CVE-2026-49248
HighCVSS 8.3Exploitation Probability (EPSS)
Low risk30th percentile - higher than 30% of all known CVEs
Summary
In versions 15.0.6 and below, the TarUtils.untar() function in OneDev creates symbolic links without validating whether the target is an absolute path. This allows writing to arbitrary server-side locations by authenticated users with CI Job write access.
Risk Assessment
The organization is exposed to unauthorized access to the file system, which may lead to data loss or server compromise. Any authenticated user with the appropriate permissions can exploit this vulnerability.
Recommendation
It is recommended to upgrade to version 15.0.7, which fixes this vulnerability. Additionally, review user permissions for CI Job access to minimize risk.
Original NVD description (English source)

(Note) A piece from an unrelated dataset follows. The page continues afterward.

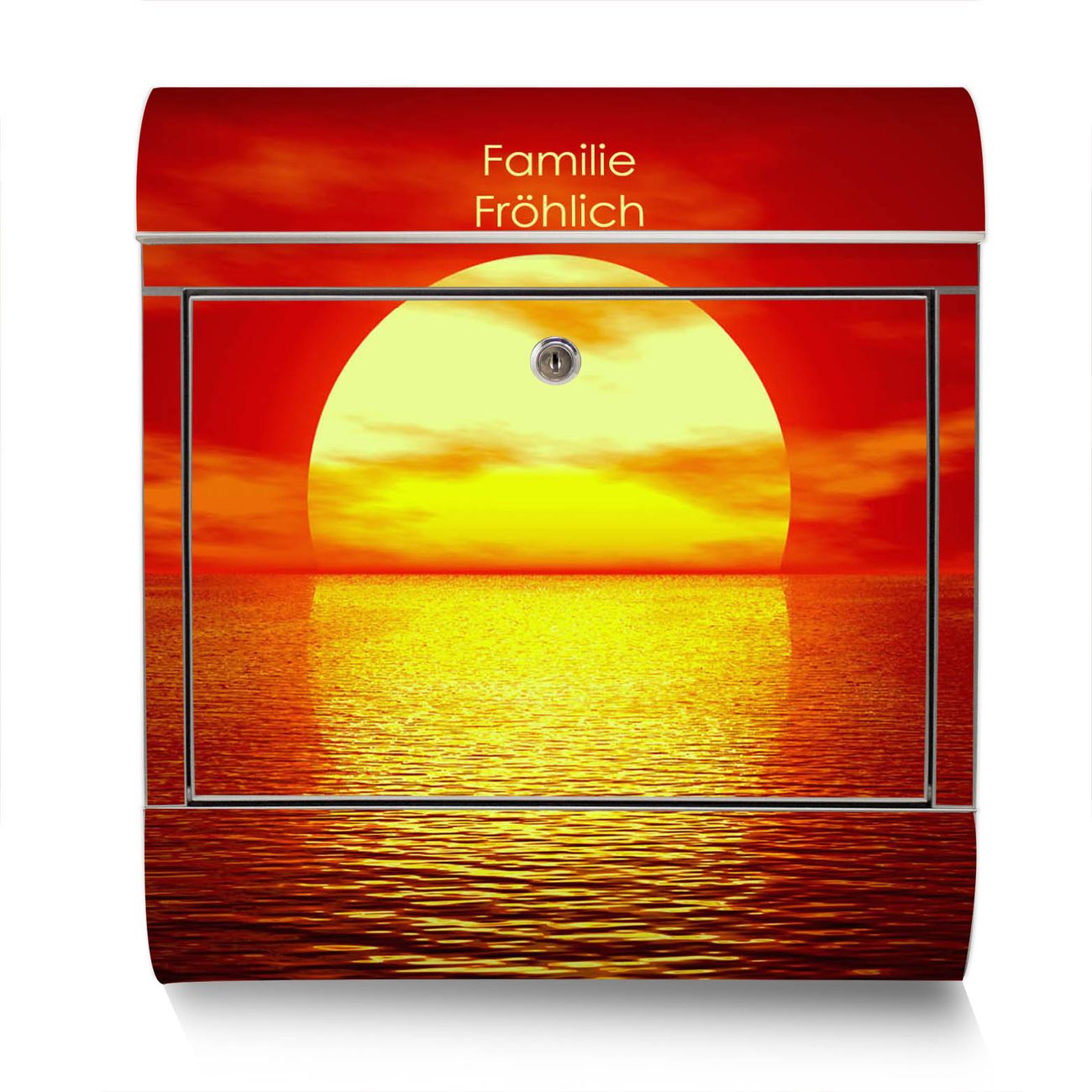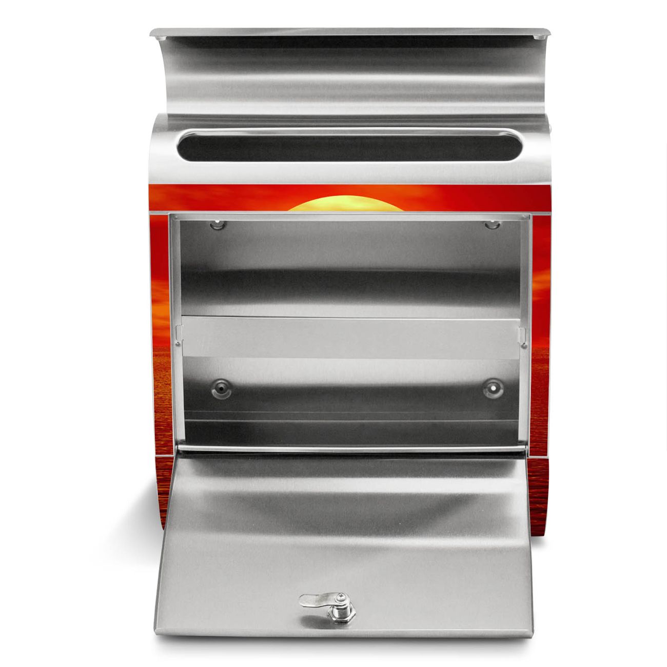 Der Motivstandbriefkasten hat ein sehr ansprechendes und ausgefallenes Design, damit entlocken Sie Ihren Nachbarn und dem Postboten ein Lächeln. Heben Sie Sich ab von der tristen grauen Masse, ohne auf Funktionalität zu verzichten. Der Briefkasten besteht aus hochwertigem 18/0 Edelstahl und die Wetter- und UV-resistenten Folie mit Sonnenuntergang Motiv ist zusätzlich mit einem Schutzlaminat überzogen. Der Standbriefkasten wird mit Montagematerial und zwei Schlüsseln geliefert.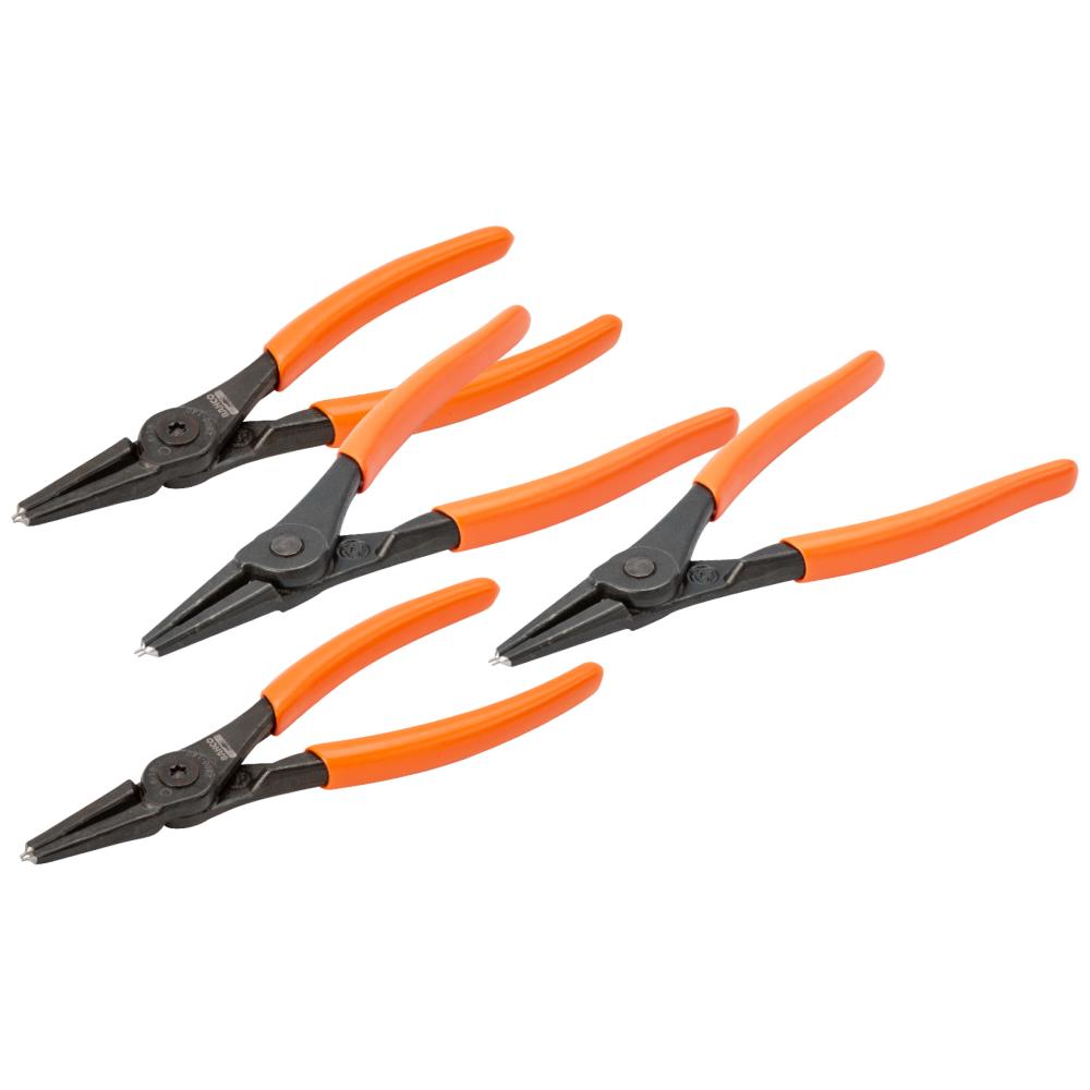 Låseringstangsæt med fire dele til håndtering af indvendige og udvendige låseringe. PVC-belagte håndtag. Højtlegeret stål. Fosfat finish, anti-korrosionsbehandlet. Indvendige uden returfjeder, udvendige med returfjeder. Med lige kæber, smedede spidser.

OneDev is a Git server with CI/CD, kanban, and packages. In versions 15.0.6 and below, TarUtils.untar() creates symbolic links verbatim from TAR entry getLinkName() without validating whether the target is an absolute path. A subsequent file entry in the same archive traverses the symlink, writing to arbitrary server-side locations. This is exploitable by any authenticated user with CI Job write access — no admin interaction required. This is an incomplete fix bypass of CVE-2021-21251 (GHSA-2w6j-wc8c-9mq2): that patch blocked .. path segments but did not address absolute symlink targets. This issue has been fixed in version 15.0.7.